● DATA PROVIDED:
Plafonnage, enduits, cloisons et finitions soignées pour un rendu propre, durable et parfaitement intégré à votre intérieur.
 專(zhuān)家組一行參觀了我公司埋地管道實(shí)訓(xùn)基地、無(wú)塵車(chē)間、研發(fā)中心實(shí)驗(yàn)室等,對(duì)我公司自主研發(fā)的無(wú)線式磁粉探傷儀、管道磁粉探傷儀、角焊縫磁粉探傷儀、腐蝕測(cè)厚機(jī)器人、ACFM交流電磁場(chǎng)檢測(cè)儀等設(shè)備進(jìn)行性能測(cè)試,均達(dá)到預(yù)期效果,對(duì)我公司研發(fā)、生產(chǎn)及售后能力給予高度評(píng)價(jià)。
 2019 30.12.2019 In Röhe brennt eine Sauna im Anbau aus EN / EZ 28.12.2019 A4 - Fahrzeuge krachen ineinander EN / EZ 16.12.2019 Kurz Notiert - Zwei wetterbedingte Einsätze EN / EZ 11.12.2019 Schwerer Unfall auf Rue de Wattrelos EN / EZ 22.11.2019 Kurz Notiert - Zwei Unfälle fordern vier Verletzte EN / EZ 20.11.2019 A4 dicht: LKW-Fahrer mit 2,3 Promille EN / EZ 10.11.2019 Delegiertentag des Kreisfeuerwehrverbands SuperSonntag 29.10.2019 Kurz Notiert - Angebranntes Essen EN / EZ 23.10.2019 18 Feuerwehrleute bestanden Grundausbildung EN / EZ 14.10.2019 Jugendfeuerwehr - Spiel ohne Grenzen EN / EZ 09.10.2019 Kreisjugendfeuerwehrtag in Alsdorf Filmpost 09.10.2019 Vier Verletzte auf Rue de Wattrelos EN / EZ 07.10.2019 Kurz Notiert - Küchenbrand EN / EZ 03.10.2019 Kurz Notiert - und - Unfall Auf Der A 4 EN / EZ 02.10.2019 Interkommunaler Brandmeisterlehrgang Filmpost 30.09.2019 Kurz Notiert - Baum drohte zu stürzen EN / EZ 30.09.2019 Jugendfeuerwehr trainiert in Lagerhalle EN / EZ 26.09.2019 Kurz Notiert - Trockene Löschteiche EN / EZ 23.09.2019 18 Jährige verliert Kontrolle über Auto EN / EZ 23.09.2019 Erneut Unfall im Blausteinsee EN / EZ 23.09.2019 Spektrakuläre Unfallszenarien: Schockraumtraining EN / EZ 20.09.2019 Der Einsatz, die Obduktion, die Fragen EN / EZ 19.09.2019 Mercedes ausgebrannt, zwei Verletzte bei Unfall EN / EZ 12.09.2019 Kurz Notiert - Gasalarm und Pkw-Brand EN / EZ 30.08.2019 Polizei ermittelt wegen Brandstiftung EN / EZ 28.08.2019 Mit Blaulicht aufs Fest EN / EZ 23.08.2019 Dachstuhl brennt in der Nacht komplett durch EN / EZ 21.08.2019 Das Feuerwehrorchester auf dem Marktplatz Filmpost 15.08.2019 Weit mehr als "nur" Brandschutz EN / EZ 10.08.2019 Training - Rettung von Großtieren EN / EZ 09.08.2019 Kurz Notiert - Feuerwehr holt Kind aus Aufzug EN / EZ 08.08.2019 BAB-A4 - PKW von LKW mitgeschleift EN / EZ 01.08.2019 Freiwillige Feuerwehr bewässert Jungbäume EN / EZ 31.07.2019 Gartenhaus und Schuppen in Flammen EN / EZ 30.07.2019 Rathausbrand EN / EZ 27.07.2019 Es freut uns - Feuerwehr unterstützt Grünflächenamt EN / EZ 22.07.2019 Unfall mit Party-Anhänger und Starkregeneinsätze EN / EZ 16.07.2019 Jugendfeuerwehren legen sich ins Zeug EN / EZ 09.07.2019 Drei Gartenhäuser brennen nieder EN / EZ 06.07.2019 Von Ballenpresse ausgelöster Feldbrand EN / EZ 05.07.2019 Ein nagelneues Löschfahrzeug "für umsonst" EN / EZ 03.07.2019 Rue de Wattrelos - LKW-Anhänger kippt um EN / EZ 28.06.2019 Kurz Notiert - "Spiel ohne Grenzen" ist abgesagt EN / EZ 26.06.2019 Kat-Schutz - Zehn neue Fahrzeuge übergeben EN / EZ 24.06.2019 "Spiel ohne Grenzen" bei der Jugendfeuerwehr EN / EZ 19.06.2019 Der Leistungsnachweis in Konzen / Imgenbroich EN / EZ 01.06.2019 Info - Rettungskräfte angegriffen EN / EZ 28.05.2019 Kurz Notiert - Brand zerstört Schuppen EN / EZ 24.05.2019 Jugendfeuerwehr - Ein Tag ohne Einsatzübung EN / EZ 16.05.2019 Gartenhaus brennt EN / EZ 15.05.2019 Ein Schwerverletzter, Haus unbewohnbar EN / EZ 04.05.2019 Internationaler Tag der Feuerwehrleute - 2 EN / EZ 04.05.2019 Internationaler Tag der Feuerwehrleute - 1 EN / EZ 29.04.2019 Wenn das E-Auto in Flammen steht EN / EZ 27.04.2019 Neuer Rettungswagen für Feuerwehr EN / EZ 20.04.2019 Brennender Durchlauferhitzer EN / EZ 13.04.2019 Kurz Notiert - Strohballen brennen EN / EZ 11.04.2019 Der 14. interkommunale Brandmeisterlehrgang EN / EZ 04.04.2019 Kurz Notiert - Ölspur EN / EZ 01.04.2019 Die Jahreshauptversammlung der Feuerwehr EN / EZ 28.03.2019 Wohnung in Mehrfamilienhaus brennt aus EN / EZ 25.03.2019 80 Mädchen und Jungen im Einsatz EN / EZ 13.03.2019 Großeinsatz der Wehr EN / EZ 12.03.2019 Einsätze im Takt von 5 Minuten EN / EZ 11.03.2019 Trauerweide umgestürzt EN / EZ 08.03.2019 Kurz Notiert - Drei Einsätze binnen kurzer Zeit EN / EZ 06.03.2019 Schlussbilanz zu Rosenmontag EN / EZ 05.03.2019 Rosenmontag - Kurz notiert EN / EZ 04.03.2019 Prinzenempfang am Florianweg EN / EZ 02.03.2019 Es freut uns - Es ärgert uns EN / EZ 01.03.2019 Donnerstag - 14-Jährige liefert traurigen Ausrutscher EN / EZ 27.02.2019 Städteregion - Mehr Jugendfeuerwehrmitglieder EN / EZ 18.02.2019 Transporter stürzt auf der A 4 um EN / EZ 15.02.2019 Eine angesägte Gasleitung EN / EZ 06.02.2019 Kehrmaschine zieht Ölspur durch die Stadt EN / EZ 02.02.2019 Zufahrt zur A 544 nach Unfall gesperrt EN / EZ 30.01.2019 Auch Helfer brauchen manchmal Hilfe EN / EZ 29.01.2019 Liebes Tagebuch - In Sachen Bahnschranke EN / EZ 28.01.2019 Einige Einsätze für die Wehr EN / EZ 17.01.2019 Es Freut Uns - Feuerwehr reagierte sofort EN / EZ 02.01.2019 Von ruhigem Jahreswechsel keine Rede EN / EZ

● PROBLEM DETAILS:
What you return must match the listing exactly, line for line.

● ANSWER:
Plafonnage, enduits, cloisons et finitions soignées pour un rendu propre, durable et parfaitement intégré à votre intérieur.
 專(zhuān)家組一行參觀了我公司埋地管道實(shí)訓(xùn)基地、無(wú)塵車(chē)間、研發(fā)中心實(shí)驗(yàn)室等,對(duì)我公司自主研發(fā)的無(wú)線式磁粉探傷儀、管道磁粉探傷儀、角焊縫磁粉探傷儀、腐蝕測(cè)厚機(jī)器人、ACFM交流電磁場(chǎng)檢測(cè)儀等設(shè)備進(jìn)行性能測(cè)試,均達(dá)到預(yù)期效果,對(duì)我公司研發(fā)、生產(chǎn)及售后能力給予高度評(píng)價(jià)。
 2019 30.12.2019 In Röhe brennt eine Sauna im Anbau aus EN / EZ 28.12.2019 A4 - Fahrzeuge krachen ineinander EN / EZ 16.12.2019 Kurz Notiert - Zwei wetterbedingte Einsätze EN / EZ 11.12.2019 Schwerer Unfall auf Rue de Wattrelos EN / EZ 22.11.2019 Kurz Notiert - Zwei Unfälle fordern vier Verletzte EN / EZ 20.11.2019 A4 dicht: LKW-Fahrer mit 2,3 Promille EN / EZ 10.11.2019 Delegiertentag des Kreisfeuerwehrverbands SuperSonntag 29.10.2019 Kurz Notiert - Angebranntes Essen EN / EZ 23.10.2019 18 Feuerwehrleute bestanden Grundausbildung EN / EZ 14.10.2019 Jugendfeuerwehr - Spiel ohne Grenzen EN / EZ 09.10.2019 Kreisjugendfeuerwehrtag in Alsdorf Filmpost 09.10.2019 Vier Verletzte auf Rue de Wattrelos EN / EZ 07.10.2019 Kurz Notiert - Küchenbrand EN / EZ 03.10.2019 Kurz Notiert - und - Unfall Auf Der A 4 EN / EZ 02.10.2019 Interkommunaler Brandmeisterlehrgang Filmpost 30.09.2019 Kurz Notiert - Baum drohte zu stürzen EN / EZ 30.09.2019 Jugendfeuerwehr trainiert in Lagerhalle EN / EZ 26.09.2019 Kurz Notiert - Trockene Löschteiche EN / EZ 23.09.2019 18 Jährige verliert Kontrolle über Auto EN / EZ 23.09.2019 Erneut Unfall im Blausteinsee EN / EZ 23.09.2019 Spektrakuläre Unfallszenarien: Schockraumtraining EN / EZ 20.09.2019 Der Einsatz, die Obduktion, die Fragen EN / EZ 19.09.2019 Mercedes ausgebrannt, zwei Verletzte bei Unfall EN / EZ 12.09.2019 Kurz Notiert - Gasalarm und Pkw-Brand EN / EZ 30.08.2019 Polizei ermittelt wegen Brandstiftung EN / EZ 28.08.2019 Mit Blaulicht aufs Fest EN / EZ 23.08.2019 Dachstuhl brennt in der Nacht komplett durch EN / EZ 21.08.2019 Das Feuerwehrorchester auf dem Marktplatz Filmpost 15.08.2019 Weit mehr als "nur" Brandschutz EN / EZ 10.08.2019 Training - Rettung von Großtieren EN / EZ 09.08.2019 Kurz Notiert - Feuerwehr holt Kind aus Aufzug EN / EZ 08.08.2019 BAB-A4 - PKW von LKW mitgeschleift EN / EZ 01.08.2019 Freiwillige Feuerwehr bewässert Jungbäume EN / EZ 31.07.2019 Gartenhaus und Schuppen in Flammen EN / EZ 30.07.2019 Rathausbrand EN / EZ 27.07.2019 Es freut uns - Feuerwehr unterstützt Grünflächenamt EN / EZ 22.07.2019 Unfall mit Party-Anhänger und Starkregeneinsätze EN / EZ 16.07.2019 Jugendfeuerwehren legen sich ins Zeug EN / EZ 09.07.2019 Drei Gartenhäuser brennen nieder EN / EZ 06.07.2019 Von Ballenpresse ausgelöster Feldbrand EN / EZ 05.07.2019 Ein nagelneues Löschfahrzeug "für umsonst" EN / EZ 03.07.2019 Rue de Wattrelos - LKW-Anhänger kippt um EN / EZ 28.06.2019 Kurz Notiert - "Spiel ohne Grenzen" ist abgesagt EN / EZ 26.06.2019 Kat-Schutz - Zehn neue Fahrzeuge übergeben EN / EZ 24.06.2019 "Spiel ohne Grenzen" bei der Jugendfeuerwehr EN / EZ 19.06.2019 Der Leistungsnachweis in Konzen / Imgenbroich EN / EZ 01.06.2019 Info - Rettungskräfte angegriffen EN / EZ 28.05.2019 Kurz Notiert - Brand zerstört Schuppen EN / EZ 24.05.2019 Jugendfeuerwehr - Ein Tag ohne Einsatzübung EN / EZ 16.05.2019 Gartenhaus brennt EN / EZ 15.05.2019 Ein Schwerverletzter, Haus unbewohnbar EN / EZ 04.05.2019 Internationaler Tag der Feuerwehrleute - 2 EN / EZ 04.05.2019 Internationaler Tag der Feuerwehrleute - 1 EN / EZ 29.04.2019 Wenn das E-Auto in Flammen steht EN / EZ 27.04.2019 Neuer Rettungswagen für Feuerwehr EN / EZ 20.04.2019 Brennender Durchlauferhitzer EN / EZ 13.04.2019 Kurz Notiert - Strohballen brennen EN / EZ 11.04.2019 Der 14. interkommunale Brandmeisterlehrgang EN / EZ 04.04.2019 Kurz Notiert - Ölspur EN / EZ 01.04.2019 Die Jahreshauptversammlung der Feuerwehr EN / EZ 28.03.2019 Wohnung in Mehrfamilienhaus brennt aus EN / EZ 25.03.2019 80 Mädchen und Jungen im Einsatz EN / EZ 13.03.2019 Großeinsatz der Wehr EN / EZ 12.03.2019 Einsätze im Takt von 5 Minuten EN / EZ 11.03.2019 Trauerweide umgestürzt EN / EZ 08.03.2019 Kurz Notiert - Drei Einsätze binnen kurzer Zeit EN / EZ 06.03.2019 Schlussbilanz zu Rosenmontag EN / EZ 05.03.2019 Rosenmontag - Kurz notiert EN / EZ 04.03.2019 Prinzenempfang am Florianweg EN / EZ 02.03.2019 Es freut uns - Es ärgert uns EN / EZ 01.03.2019 Donnerstag - 14-Jährige liefert traurigen Ausrutscher EN / EZ 27.02.2019 Städteregion - Mehr Jugendfeuerwehrmitglieder EN / EZ 18.02.2019 Transporter stürzt auf der A 4 um EN / EZ 15.02.2019 Eine angesägte Gasleitung EN / EZ 06.02.2019 Kehrmaschine zieht Ölspur durch die Stadt EN / EZ 02.02.2019 Zufahrt zur A 544 nach Unfall gesperrt EN / EZ 30.01.2019 Auch Helfer brauchen manchmal Hilfe EN / EZ 29.01.2019 Liebes Tagebuch - In Sachen Bahnschranke EN / EZ 28.01.2019 Einige Einsätze für die Wehr EN / EZ 17.01.2019 Es Freut Uns - Feuerwehr reagierte sofort EN / EZ 02.01.2019 Von ruhigem Jahreswechsel keine Rede EN / EZ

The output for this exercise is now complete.